If you try casting the resulting list instead, you will see why I bothered to point this out (and why so many people prefer dynamic languages).

Effectiveness

Up to this point, Java is a little wordy, but effective. Where it really breaks down is that List is the only collection which extends an immutable interface. If you had a getShortName(Map m) method, there is no effective way to tell the caller that this method cannot modify the map you pass it. Google Guava falls short here too because its ImmutableMap data structure inherits from Map instead of the other way around. This needs to be fixed at the Java API level, or else, people need to start importing from some new collections API instead of java.util.

Scala and Clojure both make all their collections immutable by default. The mutable version of each type of collection is a sub-class of the immutable one. In either language, you could say getShortName(ImmutableMap m) (or similar) and have the benefits I outlined above with Iterable. Java could do this too, and I feel very strongly that they should.

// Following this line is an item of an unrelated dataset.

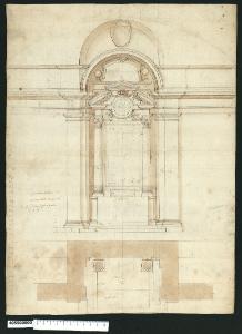 - NOTIZIE STORICO CRITICHE Nell'"Indice" del tomo nel quale era rilegato, il disegno viene definito: "Altare di Tarquinio Ligusti da Viterbo fatto per il Sig.r Massimo Massimi per S. Gio. Laterano".\nTarquinio Ligustri, nato a Viterbo nel 1564, era in contatto con il principe Massimo de' Massimi fin dal 1602, quando affrescò la volta della galleria nel palazzo Massimo alle Colonne in Roma. La famiglia Massimi possedeva una cappella in S. Giovanni in Laterano, dove nel 1644 venne seppellito il principe Massimo. L'altare raffigurato nel presente disegno potrebbe riferirsi proprio a questa cappella; è ubicato in un vano a pianta rettangolare delimitato ai lati da lesene doriche e si innalza sopra due scalini. Sopra la mensa due colonne corinzie inquadrano la pala d'altare e reggono una trabeazione spezzata al centro per ospitare un tondo che invade anche lo spazio interno del timpano curvilineo; quest'ultimo è a sua volta interrotto nella parte centrale curvilinea per l'inserimento di un timpano triangolare più piccolo.

The reason why Scala and Clojure collections can be immutable by default is that they are implemented to allow very lightweight copies to be made very quickly. The immutable collections in these languages still have add() and put() methods on them (or equivalent). They just return an entirely new collection which includes the modification of the old one. In a hash-table based collection, only the hash bucket which is changed even needs to be copied over to the new collection. The other buckets can be shared because the collection is immutable!

Java could allow the same kind of fast, shallow copies of collections, but it has the ball and chain of 15-year-old add() and put() methods that return a boolean value instead of the underlying collection. Because this pollutes the namespace for those methods, new method names (like append() and prepend()) would have to be made for all modification operations so that they could return an immutable modified copy of the original collection. The old methods could be deprecated over time. This could lead to some short-term confusion, with people wondering why their immutable collection wasn't changed by an append() call, but I personally believe that it would be worth it in the long run.

Sometimes you need mutable data structures and by all means, use them. But when you don't, prefer immutability and you'll sleep better, think clearer, and write more robust code.